Since ED can start in puppyhood, dogs that suffer from clinical ED will often start showing lameness between 6 and 12 months of age. Any persistent front limb lameness in puppies should be thoroughly investigated by a veterinary surgeon. (Remember, there are other diseases and condition which can produce these symptoms). ED usually causes pain on flexing or extention of the elbow and the puppy may show a stilted forelimb gait but X-rays are needed for confirmation. Like hip dysplasia again, treatement depends on the severity of the disease.

Some cases can be managed with controlled exercise and weight management (this should be done in all cases, regardless of severity) whilst others may require drugs to relieve pain and inflammation. Severe cases may require surgery. Treatment should always be discussed with your vet and considered on an individual case basis. The irreversible changes mean that the dog’s ability to exercise will gradually be restricted through life but with correct management, especially in the early stages, the dog can lead a comfortable life.

Prevention of Elbow Dysplasia

The main cause of elbow dysplasia is genetic – research has shown that ED is a high heritability disease (ie.a high proportion of the cause of the condition is genetic) and the higher the degree of ED in the parents, the greater the chance of passing the disease to their offspring.

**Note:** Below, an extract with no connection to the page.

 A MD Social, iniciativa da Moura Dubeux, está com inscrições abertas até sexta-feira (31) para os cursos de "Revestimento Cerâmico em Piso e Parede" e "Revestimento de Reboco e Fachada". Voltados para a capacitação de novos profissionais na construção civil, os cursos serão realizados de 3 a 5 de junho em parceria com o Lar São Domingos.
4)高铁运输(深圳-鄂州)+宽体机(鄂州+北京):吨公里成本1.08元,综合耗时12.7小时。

However, other factors, such as growth rate, diet and exercise can also play significant roles in influencing the severity of the disease.

Elbow dysplasia is a hereditary disease therefore the only way to combat the disease is to make sure that only animals with “healthy” elbows are chosen for breeding, so that the problem can be reduced within the entire canine population. Certain breeds, which share genetic material, are more vulnerable to this disease – in particular, medium- and large-breed dogs, such as the Basset Hound, English Mastiff, German Shepherd, Golden Retriever, Great Dane, Irish Wolfhound,Labrador Retriever, Newfoundland and Rottweiler.

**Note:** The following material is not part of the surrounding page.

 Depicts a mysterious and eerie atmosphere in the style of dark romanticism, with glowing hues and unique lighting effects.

To help only select animals with the best genetic make-up for breeding, especially with regards to elbows, a new UK ED screening scheme has been set up where animals are radiographed and given a score, based on any signs of ED in their elbows. The grades are either 0 for Normal, 1 for mild ED, 2 for Moderate ED and 3 for Severe ED. Breeders are advised to get all their breeding stock graded and to only breed from animals with scores of 1 or 0. This way, most of the subclinical and clinical dogs will be eliminated from the breeding pool and prevented from passing their defective genes onto the next generation.

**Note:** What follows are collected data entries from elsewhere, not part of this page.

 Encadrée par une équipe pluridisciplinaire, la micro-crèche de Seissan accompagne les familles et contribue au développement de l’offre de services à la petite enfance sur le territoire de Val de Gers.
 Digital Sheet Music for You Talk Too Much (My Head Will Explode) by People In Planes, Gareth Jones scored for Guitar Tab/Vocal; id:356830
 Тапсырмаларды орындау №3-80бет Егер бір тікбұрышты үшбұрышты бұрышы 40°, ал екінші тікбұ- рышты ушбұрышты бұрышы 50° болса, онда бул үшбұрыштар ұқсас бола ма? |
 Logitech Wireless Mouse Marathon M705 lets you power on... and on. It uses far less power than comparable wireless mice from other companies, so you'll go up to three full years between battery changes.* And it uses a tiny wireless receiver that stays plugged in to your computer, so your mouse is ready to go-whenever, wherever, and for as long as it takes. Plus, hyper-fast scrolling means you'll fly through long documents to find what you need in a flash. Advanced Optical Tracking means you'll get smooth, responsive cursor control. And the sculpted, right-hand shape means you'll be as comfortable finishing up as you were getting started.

It is important that a high proportion of breeders in all affected breeds participate in this screening programme and that screening is carried out over several generations (because ED shows dominant inheritance) to ensure success. Other countries have been successful in significantly reducing the ED problem through similar screening schemes and it is hoped that the UK can follow in their footsteps.